# Can You Improve this Graph Showing Suicide Rates in Japan?

July 30, 2008

### Topic

Statistical Visualization

Are you ready for another deconstruct/reconstruct exercise? I just posted a time series plot in the FlowingData forums that shows suicide rates and unemployment rates in Japan. Here are questions worth considering:

• What is the graph trying to show? Does it succeed?
• Is this the appropriate type of plot of this type of data?
• What would make the data more clear?

At a glance, the graph almost looks fine, but on a slightly deeper than superficial look, there are some clear problems.

• This graph suggests a strong correlation. if that’s the intent, then the graph is working well. however this isn’t true.

It is misleading to show 2 variables using 2 different scales on the same chart. unemployment depicted here is ppl unemployed for more than 12 months as a % of total unemployed, whereas suicide rates are per 100,000 population. The fact that the line charts are superposed is purely coincidental. Choosing a different scale for either series would have resulted in a very different graph.

To establish correlation, the textbook way is with a scatterplot, complete with its regression line. The problem is that they are more difficult to interpret by people who have no knowledge of statistics. Besides, since there are so few data points for the suicide rates, the results are not convincing.

BTW Japan’s long-term unemployment rate is typical of OECD countries, whereas its unemployment rate is very low and its suicide rate, much higher than average.

• This graph suggests a strong correlation. if that’s the intent, then the graph is working well. however this isn’t true.

It is misleading to show 2 variables using 2 different scales on the same chart. unemployment depicted here is ppl unemployed for more than 12 months as a % of total unemployed, whereas suicide rates are per 100,000 population. The fact that the line charts are superposed is purely coincidental. Choosing a different scale for either series would have resulted in a very different graph.

To establish correlation, the textbook way is with a scatterplot, complete with its regression line. The problem is that they are more difficult to interpret by people who have no knowledge of statistics. Besides, since there are so few data points for the suicide rates, the results are not convincing.

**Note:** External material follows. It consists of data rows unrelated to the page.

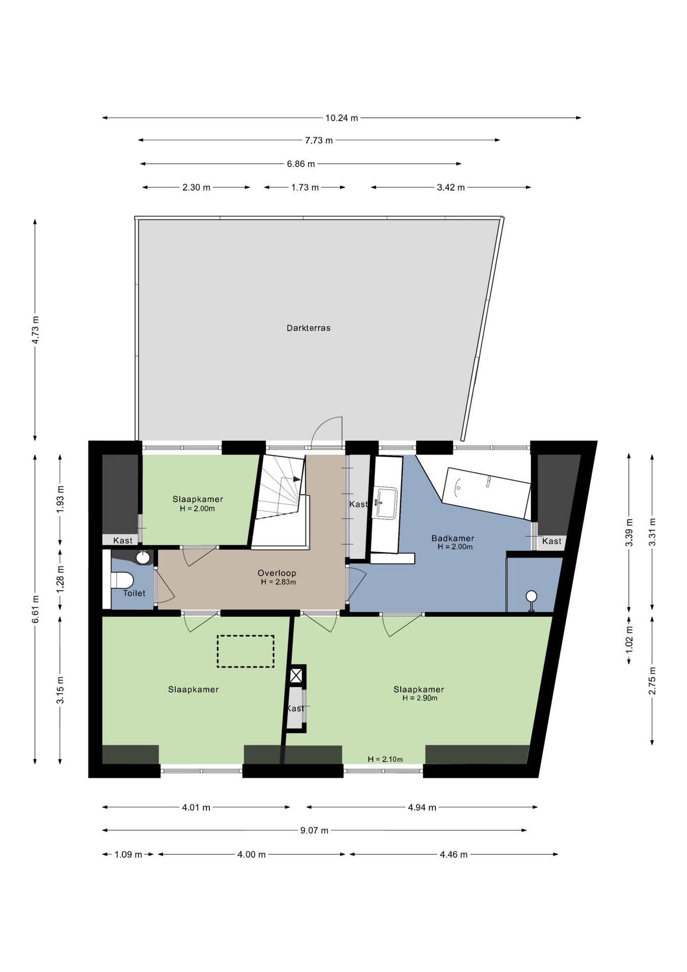 Op deze verdieping zijn drie slaapkamers, de badkamer, een aparte toiletruimte en een tweede dakterras. De twee grootste slaapkamers, beiden met een dakkapel, zijn aan de voorzijde. In de zeer ruime badkamer is de ruimte ingedeeld met een ligbad, luxe douche, inbouwkast en een wastafelmeubel.
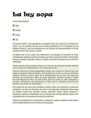 Este documento resume un ensayo sobre la ley SOPA (Stop Online Piracy Act) que se está debatiendo en el Congreso de Estados Unidos. La ley SOPA tiene como objetivo combatir la piratería en línea bloqueando sitios web que alberguen contenido con derechos de autor. Si se aprueba, la ley afectaría a usuarios de todo el mundo al obligar a sitios como YouTube y Google a practicar la censura. Algunas ventajas mencionadas son la protección de derechos de autor, pero también traería desventajas como
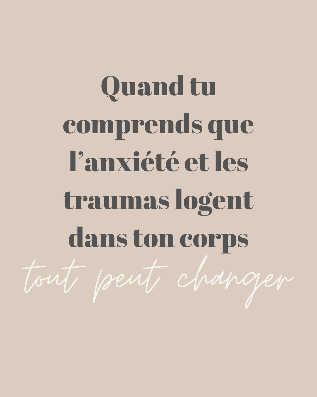 J'ai compris que je vivais avec une anxiété profonde, ancrées depuis des années en moi de façon latente, mais bien réelle. Et ce qui m'a le plus aidé sur ce chemin, c'est d'intégrer que cette anxiété ne prenait pas racine dans mes pensées, que ce n'était pas seulement dans ma tête mais bel et bien ancré dans mon corps.

BTW Japan’s long-term unemployment rate is typical of OECD countries, whereas its unemployment rate is very low and its suicide rate, much higher than average.

• The vertical axis label does much to set expectations for the chart:

“Japan and Suicide Rate (Total)”

The data sources are all very slow, or not responding at all, so I’ll have to let it go until later.

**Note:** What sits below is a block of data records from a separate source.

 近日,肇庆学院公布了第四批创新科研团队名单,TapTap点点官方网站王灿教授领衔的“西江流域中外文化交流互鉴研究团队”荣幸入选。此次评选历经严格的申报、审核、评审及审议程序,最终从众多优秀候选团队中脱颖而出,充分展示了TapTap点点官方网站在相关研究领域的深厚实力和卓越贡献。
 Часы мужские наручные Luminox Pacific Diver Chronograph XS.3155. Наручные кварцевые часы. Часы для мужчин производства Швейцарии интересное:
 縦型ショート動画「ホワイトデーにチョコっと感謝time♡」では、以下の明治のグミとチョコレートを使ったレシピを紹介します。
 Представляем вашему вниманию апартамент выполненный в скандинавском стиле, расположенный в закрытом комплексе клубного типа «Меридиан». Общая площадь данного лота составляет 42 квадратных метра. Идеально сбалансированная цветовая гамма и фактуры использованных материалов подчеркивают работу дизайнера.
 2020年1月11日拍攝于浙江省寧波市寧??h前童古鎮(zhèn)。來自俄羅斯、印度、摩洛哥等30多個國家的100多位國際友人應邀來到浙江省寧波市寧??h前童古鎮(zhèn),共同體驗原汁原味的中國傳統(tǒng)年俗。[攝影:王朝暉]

• jon – i put the suicide and unemployment data here: http://datasets.flowingdata.com/japan-suicides/rates.xls

• Nathan: I didn’t notice your link until after waiting for Swivel to share its data. It doesn’t like opening a link in a new tab. Anyway, I got my data, and did a little analysis in Suicide Rates in Japan.

Jake: “The Art of Spin” – gotta love it. I have to admit that I don’t know where your numbers come from for the top chart.

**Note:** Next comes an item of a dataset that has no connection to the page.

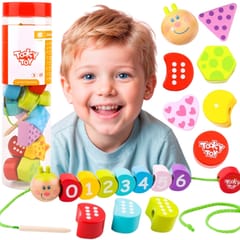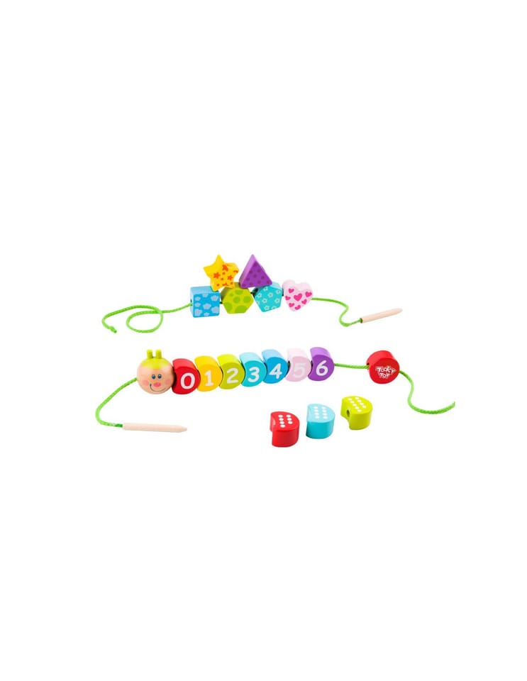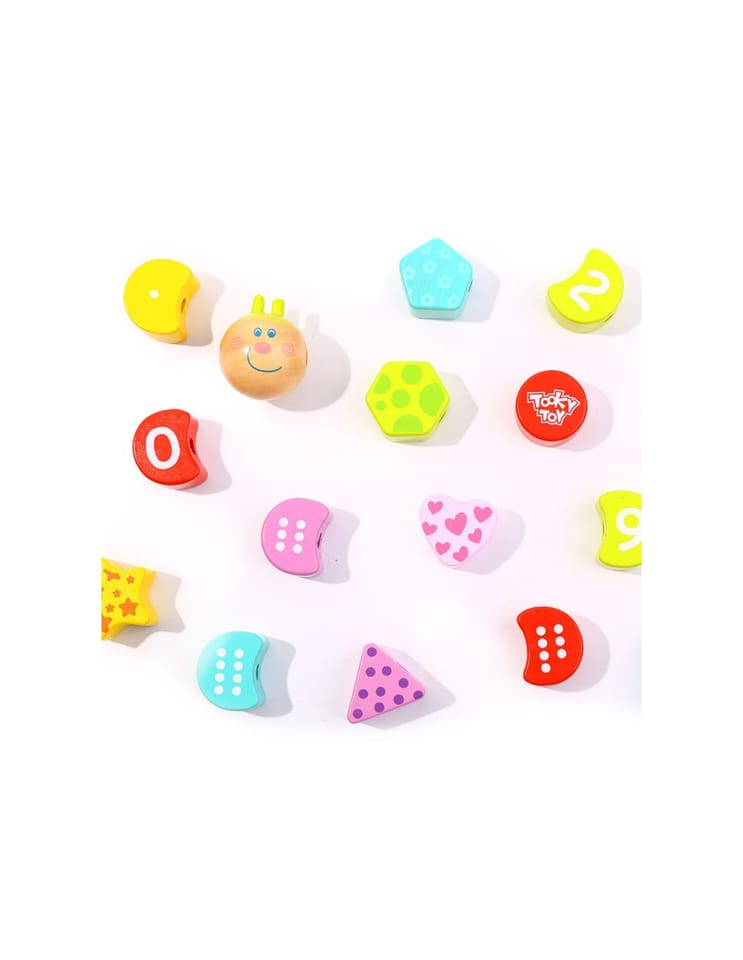 TOOKY TOY Sznurowana Gąsienica drewniana zabawka dla dzieci, dzięki której stworzą uroczą kolorową gąsienicę z jasną uśmiechniętą buźką. To świetna gra rozwijające zdolności motoryczne, które są niezbędne do wczesnego rozwoju. Zabawka zapewni wiele godzin zabawy, przeciągając wełnę przez otwory. Każdy element wykonany jest z dobrej jakości drewna i pomalowany nietoksyczną farbą. Nawlekanie i sznurowanie rozwija koordynację małych palców i cierpliwości. Ta drewniana zabawka edukacyjna daje wiele możliwości, takich jak zasznurowanie cyfr w odpowiedniej kolejności rosnącej lub malejącej, zasznurowanie tylko liczb parzystych, a także rozpoznawanie kolorów i kształtów. Brak ostrych krawędzi sprawia, że produkt jest w 100% bezpieczny dla dziecka.

• Jake used the same numbers, didn’t he? He just didn’t use the unemployment rates for the years there wasn’t data for suicide rate.

• Hi Jon-

1) Took population and multiplied by the unemployment rate to get # of unemployed.
2) Took population and by suicides per 100,000 / 100,000
3) Divided # of suicides by # of unemployed

• 2) Took population and multipled by suicides per 100,000 and divided that # by 100,000 to get # of suicides

• Jake –
(a) You should multiply not by population but by potentially employed population. At least in the US, only working age people who want to work can be considered unemployed.
(b) The long term unemployment rate is not percentage of potential workers who are unemployed. It is the percentage of unemployed people who have been unemployed for a year or longer. This makes the math more complicated since you also need to factor in the “reguler” unemployment rate.

• Darin

Epidemics occur when there is a significant increase (or decrease) of an event. One of the ways to present this graph would be the story that unemployment and suicide are highly correlated. The title says, “Suicide Epidemic in Japan”; this would suggest there is an ‘outbreak’. If so, there should be some attempt within the graph to show that *each* increase in unemployment corresponds to an increase suicide and conversely i.e. *each* decrease in unemployment corresponds to an specific decrease.

Since our data is yearly (not very fine considering how suicide and unemployment is measured, but hey, at least the OECD is gathering something), I think some sort of year-over-year % change would not only tell the story better, but would help to show or refute the correlation.

• Darin

lol, just as I click submit, I went to Jake’s graph which has % change. Jake’s da man! =)

• Howdy from Tableau Software! I really enjoy these challenges so I thought I’d participate this time. You can see my blog post here:

http://www.tableausoftware.com/improve-this-graph-001

Or just a direct link to my visualization:

http://www.tableausoftware.com/files/Japan_suicide_rates_0.png

• Annelie

Also, even by normalizing the unemployment or the suicide rate, the sampling intervals are obviously different by a factor of five.

• Annelie

Also, even by normalizing the unemployment or the suicide rate, the sampling intervals are obviously different by a factor of five.